A few teasers from the article:
- All 46 counties have at least one animal shelter to care for stray dogs and cats, but the state has only 18 domestic violence shelters to help women trying to escape abuse in the home.
- South Carolina’s murder rate for women is more than double the national rate.
- Maximum days in jail for first-time domestic abusers in South Carolina: 30 days
- More than a third of men charged with domestic killings over the past decade had at least one prior arrest for criminal domestic violence or assault.
- The only consistent state money budgeted for programs and protecting victims of domestic violence is a portion of proceeds from marriage license fees, which equates to roughly $22 per victim.
- State legislatures put up about a dozen bills aimed at protecting victims of domestic violence. All died except one, which protects the welfare of family pets left in the care of a person with pending domestic abuse charges.

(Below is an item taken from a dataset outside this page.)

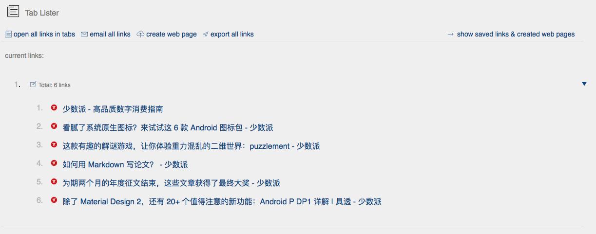 Chrome 上的 OneTab 和 Toby 这类扩展,是我抛弃 Chrome 时最舍不得的一部分。经过不断探寻,我最终找到了在 Safari 上能替代它们的方案——Tab Lister。它能让你一键关闭并保存当前所有页面,并在未来某一时刻把它们同时打开。这种操作很适用于保存当前研究或浏览的状态,并在下次需要时快速恢复。
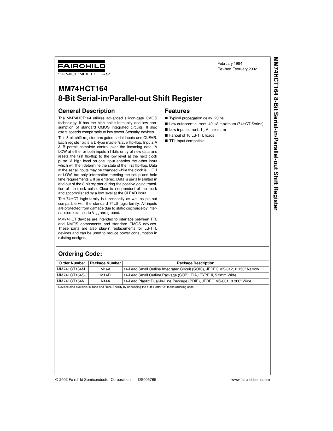 浏览型号MM74HCT164的Datasheet PDF文件第2页

The “Post and Courier” report offers insight into what other states are doing to reduce domestic violence and protect victims. The national rates have been declining for years, so we know it’s possible for South Carolina to get this under control. The women I’m talking about live next door to you, teach your children, share your office space and sit next to you in church. They don’t have a voice. Your silence and inaction keep these women at risk.
Be a role model
If you can’t be bothered reading the report and educating yourself on the issue, you’re part of the problem. Women in South Carolina who don’t run for office or encourage and support other women running for office are part of the problem. Men who discourage or prevent women from participating in the public conversation and running for office are part of the problem. Governor Nikki Haley, you are part of the problem. Our attorney general, the S.C. Department of Social Services, every sheriff and police department, church, local media outlet and emergency medical professional in South Carolina should be stepping out, speaking up and taking action against our culture of women as things to be played with, humiliated, and abused.
The culture in South Carolina has to change and it has to begin with you and me.
Not everyone is in a position to make big changes. But anyone can contribute to the solution. One simple step would be to share this post or the “Post and Courier” report with friends, family, co-workers and legislators. Talk about the issue. Raise your voice. Don’t vote for candidates who won’t address the issue. Volunteer for organizations that are part of the solution. Get your church involved.
I’ll be Tweeting, posting and emailing the link to this article to every person or agency mentioned in this post. You can do that, too. Some of us can do much more.
Silent acceptance of the status quo keeps women at risk. The statistics prove that your silence could one day result in the funeral of your daughter or granddaughter.